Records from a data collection
<<<<
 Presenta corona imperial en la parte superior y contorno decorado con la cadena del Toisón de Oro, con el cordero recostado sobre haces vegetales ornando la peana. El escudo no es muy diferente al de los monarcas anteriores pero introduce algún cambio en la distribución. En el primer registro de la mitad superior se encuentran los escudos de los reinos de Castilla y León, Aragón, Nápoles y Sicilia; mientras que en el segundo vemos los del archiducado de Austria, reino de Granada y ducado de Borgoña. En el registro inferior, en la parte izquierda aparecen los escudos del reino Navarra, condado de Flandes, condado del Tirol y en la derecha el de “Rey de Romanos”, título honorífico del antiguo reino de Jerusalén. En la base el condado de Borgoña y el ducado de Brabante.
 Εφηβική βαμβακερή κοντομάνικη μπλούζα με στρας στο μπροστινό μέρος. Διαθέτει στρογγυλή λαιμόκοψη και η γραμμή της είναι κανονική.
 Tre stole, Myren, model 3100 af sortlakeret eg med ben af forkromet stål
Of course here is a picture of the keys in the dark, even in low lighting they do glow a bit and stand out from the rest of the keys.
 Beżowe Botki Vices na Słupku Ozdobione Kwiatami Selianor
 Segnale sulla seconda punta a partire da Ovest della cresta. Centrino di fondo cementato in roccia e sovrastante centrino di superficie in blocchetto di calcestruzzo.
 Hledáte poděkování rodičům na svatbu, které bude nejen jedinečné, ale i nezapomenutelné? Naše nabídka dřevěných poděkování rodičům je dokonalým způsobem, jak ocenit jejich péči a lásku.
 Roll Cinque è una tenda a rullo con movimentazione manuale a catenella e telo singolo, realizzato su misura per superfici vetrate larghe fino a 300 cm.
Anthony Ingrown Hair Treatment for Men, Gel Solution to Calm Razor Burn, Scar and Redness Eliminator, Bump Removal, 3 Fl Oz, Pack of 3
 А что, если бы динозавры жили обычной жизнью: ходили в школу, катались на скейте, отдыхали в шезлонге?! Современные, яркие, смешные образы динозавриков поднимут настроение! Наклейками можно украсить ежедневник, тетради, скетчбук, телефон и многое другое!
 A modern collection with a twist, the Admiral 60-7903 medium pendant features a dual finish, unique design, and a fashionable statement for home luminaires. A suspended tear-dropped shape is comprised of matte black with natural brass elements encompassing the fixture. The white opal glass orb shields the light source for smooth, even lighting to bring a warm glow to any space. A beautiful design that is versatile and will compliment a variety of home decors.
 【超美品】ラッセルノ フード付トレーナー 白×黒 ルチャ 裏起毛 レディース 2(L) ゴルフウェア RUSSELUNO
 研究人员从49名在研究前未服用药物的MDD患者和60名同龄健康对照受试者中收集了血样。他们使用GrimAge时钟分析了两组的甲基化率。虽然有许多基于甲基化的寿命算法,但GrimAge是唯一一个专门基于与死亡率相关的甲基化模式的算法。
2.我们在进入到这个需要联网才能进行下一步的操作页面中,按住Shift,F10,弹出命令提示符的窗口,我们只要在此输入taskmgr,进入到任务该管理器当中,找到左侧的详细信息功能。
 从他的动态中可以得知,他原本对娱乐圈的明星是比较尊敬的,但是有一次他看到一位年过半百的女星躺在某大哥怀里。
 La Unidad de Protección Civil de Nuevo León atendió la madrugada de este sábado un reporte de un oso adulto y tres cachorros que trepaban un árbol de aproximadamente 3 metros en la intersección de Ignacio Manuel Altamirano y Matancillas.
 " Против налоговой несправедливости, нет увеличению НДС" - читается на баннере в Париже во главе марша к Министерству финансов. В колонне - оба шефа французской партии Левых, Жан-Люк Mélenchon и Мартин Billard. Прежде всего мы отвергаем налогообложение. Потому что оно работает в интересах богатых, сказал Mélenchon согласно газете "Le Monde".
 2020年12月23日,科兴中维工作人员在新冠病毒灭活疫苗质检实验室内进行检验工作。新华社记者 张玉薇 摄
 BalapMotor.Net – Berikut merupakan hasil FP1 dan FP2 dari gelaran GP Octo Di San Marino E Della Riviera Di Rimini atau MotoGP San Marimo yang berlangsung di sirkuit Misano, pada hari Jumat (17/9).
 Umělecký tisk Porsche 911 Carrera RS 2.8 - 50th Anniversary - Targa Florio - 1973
>>>>
Work to complete
Make a faithful copy of every record above.

Response for this exercise
 Presenta corona imperial en la parte superior y contorno decorado con la cadena del Toisón de Oro, con el cordero recostado sobre haces vegetales ornando la peana. El escudo no es muy diferente al de los monarcas anteriores pero introduce algún cambio en la distribución. En el primer registro de la mitad superior se encuentran los escudos de los reinos de Castilla y León, Aragón, Nápoles y Sicilia; mientras que en el segundo vemos los del archiducado de Austria, reino de Granada y ducado de Borgoña. En el registro inferior, en la parte izquierda aparecen los escudos del reino Navarra, condado de Flandes, condado del Tirol y en la derecha el de “Rey de Romanos”, título honorífico del antiguo reino de Jerusalén. En la base el condado de Borgoña y el ducado de Brabante.
 Εφηβική βαμβακερή κοντομάνικη μπλούζα με στρας στο μπροστινό μέρος. Διαθέτει στρογγυλή λαιμόκοψη και η γραμμή της είναι κανονική.
 Tre stole, Myren, model 3100 af sortlakeret eg med ben af forkromet stål
Of course here is a picture of the keys in the dark, even in low lighting they do glow a bit and stand out from the rest of the keys.
 Beżowe Botki Vices na Słupku Ozdobione Kwiatami Selianor
 Segnale sulla seconda punta a partire da Ovest della cresta. Centrino di fondo cementato in roccia e sovrastante centrino di superficie in blocchetto di calcestruzzo.
 Hledáte poděkování rodičům na svatbu, které bude nejen jedinečné, ale i nezapomenutelné? Naše nabídka dřevěných poděkování rodičům je dokonalým způsobem, jak ocenit jejich péči a lásku.
 Roll Cinque è una tenda a rullo con movimentazione manuale a catenella e telo singolo, realizzato su misura per superfici vetrate larghe fino a 300 cm.
Anthony Ingrown Hair Treatment for Men, Gel Solution to Calm Razor Burn, Scar and Redness Eliminator, Bump Removal, 3 Fl Oz, Pack of 3
 А что, если бы динозавры жили обычной жизнью: ходили в школу, катались на скейте, отдыхали в шезлонге?! Современные, яркие, смешные образы динозавриков поднимут настроение! Наклейками можно украсить ежедневник, тетради, скетчбук, телефон и многое другое!
 A modern collection with a twist, the Admiral 60-7903 medium pendant features a dual finish, unique design, and a fashionable statement for home luminaires. A suspended tear-dropped shape is comprised of matte black with natural brass elements encompassing the fixture. The white opal glass orb shields the light source for smooth, even lighting to bring a warm glow to any space. A beautiful design that is versatile and will compliment a variety of home decors.
 【超美品】ラッセルノ フード付トレーナー 白×黒 ルチャ 裏起毛 レディース 2(L) ゴルフウェア RUSSELUNO
 研究人员从49名在研究前未服用药物的MDD患者和60名同龄健康对照受试者中收集了血样。他们使用GrimAge时钟分析了两组的甲基化率。虽然有许多基于甲基化的寿命算法,但GrimAge是唯一一个专门基于与死亡率相关的甲基化模式的算法。
2.我们在进入到这个需要联网才能进行下一步的操作页面中,按住Shift,F10,弹出命令提示符的窗口,我们只要在此输入taskmgr,进入到任务该管理器当中,找到左侧的详细信息功能。
 从他的动态中可以得知,他原本对娱乐圈的明星是比较尊敬的,但是有一次他看到一位年过半百的女星躺在某大哥怀里。
 La Unidad de Protección Civil de Nuevo León atendió la madrugada de este sábado un reporte de un oso adulto y tres cachorros que trepaban un árbol de aproximadamente 3 metros en la intersección de Ignacio Manuel Altamirano y Matancillas.
 " Против налоговой несправедливости, нет увеличению НДС" - читается на баннере в Париже во главе марша к Министерству финансов. В колонне - оба шефа французской партии Левых, Жан-Люк Mélenchon и Мартин Billard. Прежде всего мы отвергаем налогообложение. Потому что оно работает в интересах богатых, сказал Mélenchon согласно газете "Le Monde".
 2020年12月23日,科兴中维工作人员在新冠病毒灭活疫苗质检实验室内进行检验工作。新华社记者 张玉薇 摄
 BalapMotor.Net – Berikut merupakan hasil FP1 dan FP2 dari gelaran GP Octo Di San Marino E Della Riviera Di Rimini atau MotoGP San Marimo yang berlangsung di sirkuit Misano, pada hari Jumat (17/9).
 Umělecký tisk Porsche 911 Carrera RS 2.8 - 50th Anniversary - Targa Florio - 1973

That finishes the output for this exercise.